Он был осужден. Осужден организацией за побег, за помощь в побеге убийце Лучшего, за убийство наставника, за нанесение увечий более, чем сотне солдат, за смерть трех десятков от его руки. Его приговорили к смертной казни.
Вот только дату не назвали. Сказали ждать и поместили в бетонную коробку, где находились такие же узники режима.
Ничего нового. Ранний подъем, целый день работа, тяжелая, изнуряющая, до состояния, когда кажется, что так бы и остался на коленях, ровно в том месте, где покинули силы. Но откуда-то брался резерв, почему-то вставал, почему-то мог дойти до своих шести квадратных метров, чтобы рухнуть на жесткую проволоку кровати с тонким прохудившимся матрасом и смотреть в потолок, как обычно, не глядя, заведя будильник на половину шестого утра, зная, что снова проснется раньше.
И каждую ночь надеяться, что утром придут и за ним, что закончится такое ожидание. Все закончится.
Прошло четыре года. Люди вокруг него менялись, а он нет, как и его бесконечное ожидание. Следом за отчаянием пришла бессонница. Он больше мог спать, во снах к нему приходили те, кто когда-то был дорог. И то осуждение в их глазах, что плескалось сквозь тьму и года, уничтожало в нем все, что помогало держаться.
Первые два года он еще хотел жить, вторые два начал мечтать о смерти. А палачи все не шли.
Изо дня в день: чай, хлопья и противная трель будильника. Суицид не был для него выходом – это казалось еще более страшным, чем обещанный на суде расстрел. Малодушие только бы отравило добрую память тех, кто ушел раньше него.
Он не был уверен, что его резерва надолго хватит, он не был уверен, что единожды просто в состоянии будет вернуться к своей койке, не был уверен, что его ребра останутся целыми, когда его пинками будут заставлять вставать и идти.
Он знал, чего ему не хватало. МАКО. За все четыре года он не получил ни дозы, что уравняло его с остальными пленниками – так организация предотвратила возможность повторного побега. Он просто перестал быть Солджером Первого Класса. Он и собой быть перестал.
Он видел, во что превратился город, и он не хотел знать, что будет с ним завтра. Наступила новая эра, эра боли, смерти и бездушия. Люди перестали быть людьми. Но так было удобней всем – идеальное общество. Планету замкнули в бетон, металл, сковали цепями, отведя место вот таким узникам режима, как он. Кто еще помнил, как это – жить иной жизнью.
Никогда не верил в богов, а теперь, казалось, готов молиться кому угодно, лишь бы его отпустили, еще не зная, что самая страшная казнь свершалась здесь и сейчас, изо дня в день, на продолжении долгих четырех лет, омытых потом, кровью и воспоминаниями.

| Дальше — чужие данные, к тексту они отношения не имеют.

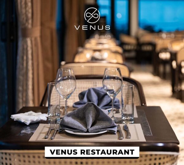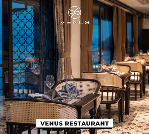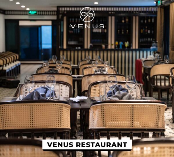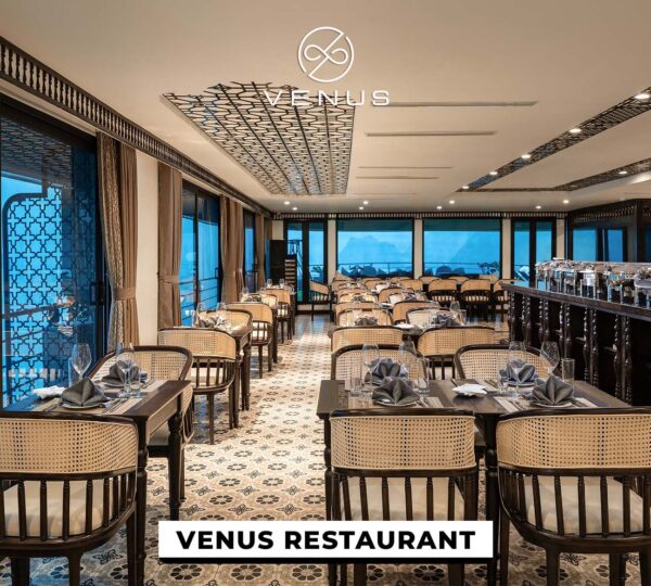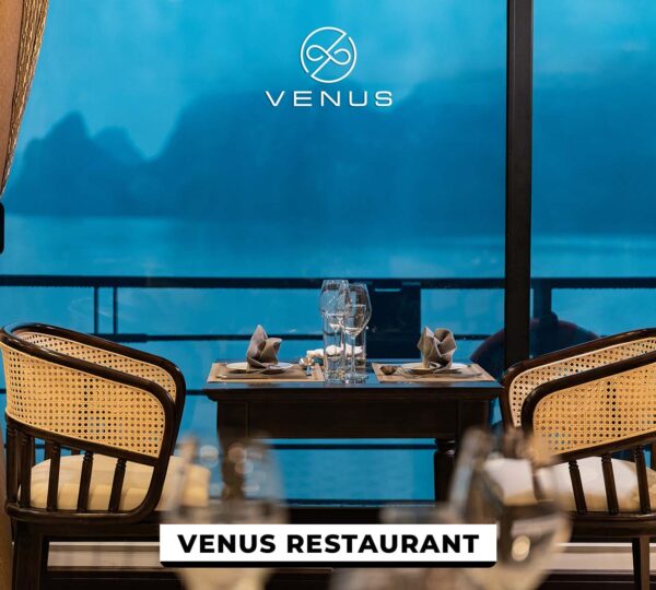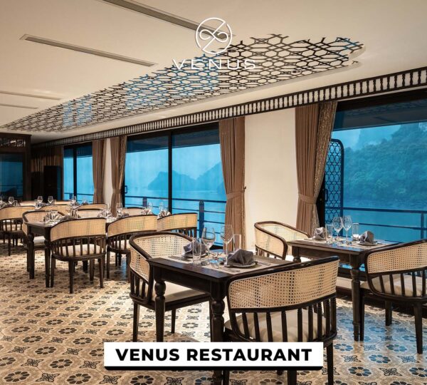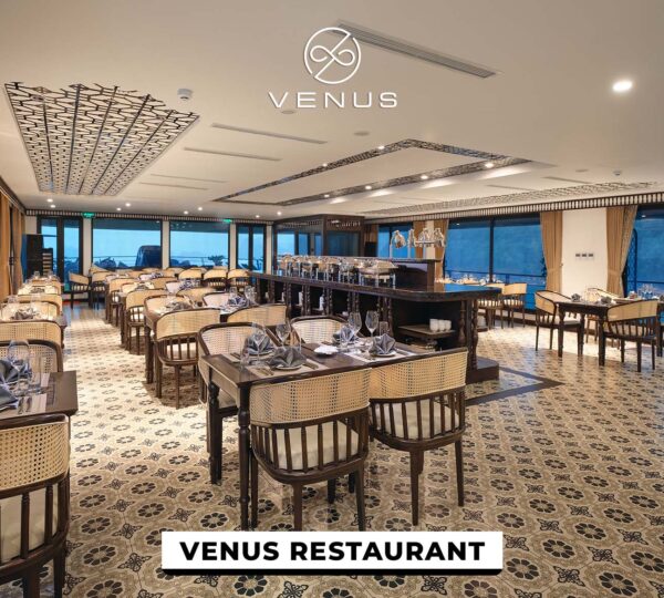 Onboard dining is a highlight of the Venus Cruise experience. The panoramic restaurant and bar present a refined culinary journey, showcasing an inspired blend of Vietnamese delicacies and international cuisine.

Железная дверь с лязгом открылась, он обернулся.
- На выход, - неживой голос, голос, пропущенный сквозь динамик, чтобы невозможно было опознать в пришедшем солдате конкретную личность, чтобы нельзя было договориться. Душа была не в моде. Помощи было ждать неоткуда.
Гулкие шаги по железному полу холодных коридоров заменяли мысли, руки за спиной затекли от тесных жестких браслетов. Полное отчуждение от реальности и полное нежелание принимать неизвестность.

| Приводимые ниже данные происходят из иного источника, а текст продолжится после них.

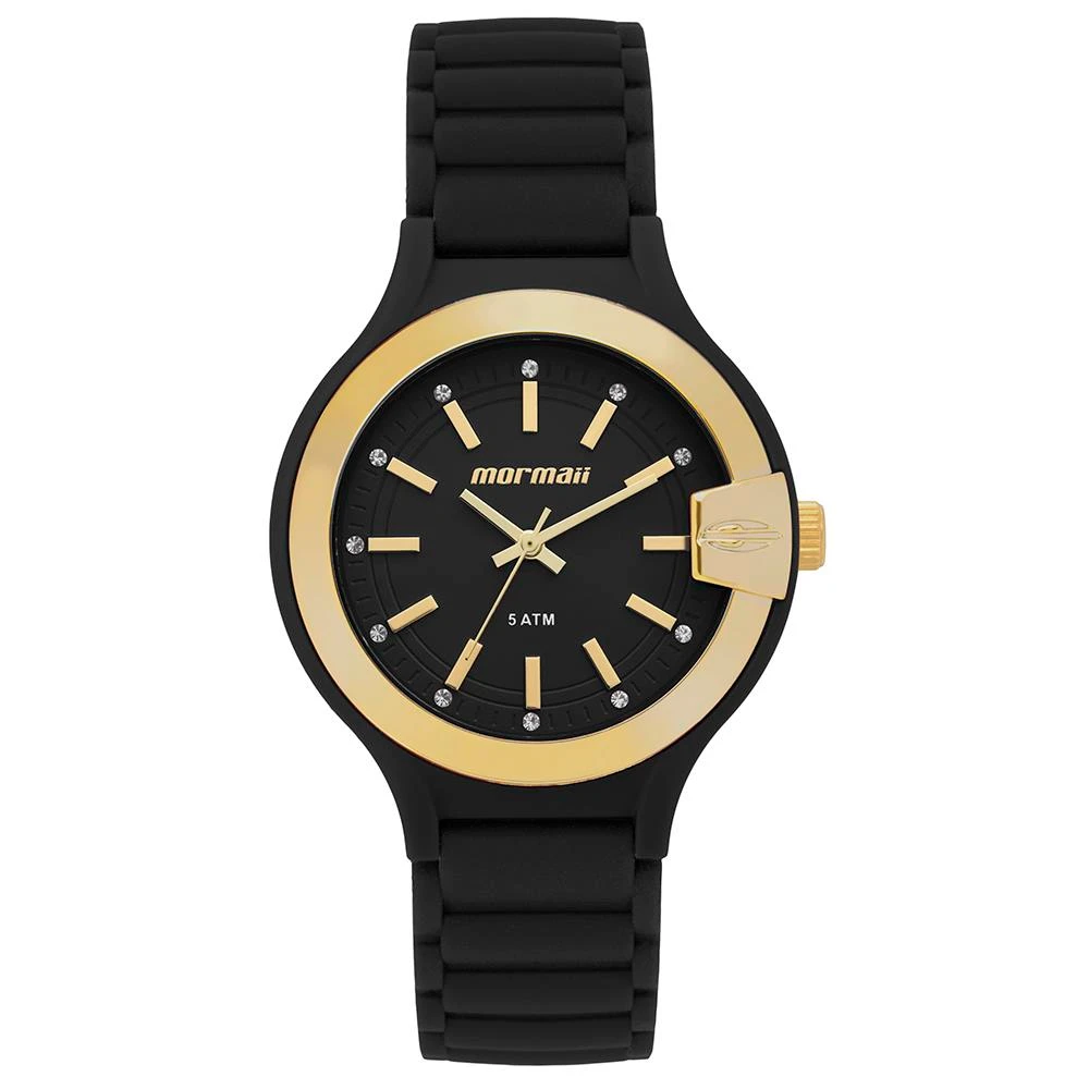 Caixa de Polímero PretaPulseira de Silicone PretaFundo ParafusadoResistente à Água 5 ATMDiâmetro / Largura da Caixa: 38.00 MMFunções: AnalógicoVidro: AcrílicoMostrador Preto com detalhes em douradoAro Externo Fixo DouradoAlimentação do Maquinário: BateriaGarantia de 1 Ano

В лицо ударило утреннее солнце. Первое солнце за четыре года. Он смахнул слезу резким движением головы, глаза щипало. Сердце резко зашлось в груди.
Ему не просто так показали солнце.
Четыре длинных года.
Он дожил до этого дня.
Зак улыбнулся.
Черное
Стук судейского молотка вырвал из размышлений.

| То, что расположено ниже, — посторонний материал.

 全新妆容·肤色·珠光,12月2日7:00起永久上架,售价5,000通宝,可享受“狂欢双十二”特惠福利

- Осужден! Приговорен к смертной казни посредством расстрела!
Слова, которые взорвали в голове маленькую атомную бомбу, слова, от которых в глазах в ужасе забилась больная мысль – «Я хочу жить!»
читать дальшеОн беспомощно оглянулся, выхватывая взглядом тех, кто мог бы круто изменить фатальность его приговора. Ноги будто отказали нести, конвоирам даже пришлось сильно толкнуть в спину, от чего он только кубарем покатился по полу, сбивая локти.
Отчаяние и страх захлестнули еще больше в тот момент, когда за спиной захлопнулась массивная железная дверь. Жажда к жизни рвалась из него, выходила с остатками МАКО, в котором он так долго пробыл, вырывалась криком, до боли в легких, до рези в глазах, до сбитых костяшек.
Первая ночь прошла бессонно, в размышлениях, в извечном вопросе: зачем. Если так подумать, все, что он делал – зачем?
Ни Нибельхайм, ни побег того не стоили. Он шел сюда, к Системе с конкретной целью, а поддался слепым эмоциям. И во, что это вылилось? В приговор. В ожидание утра и смертной казни.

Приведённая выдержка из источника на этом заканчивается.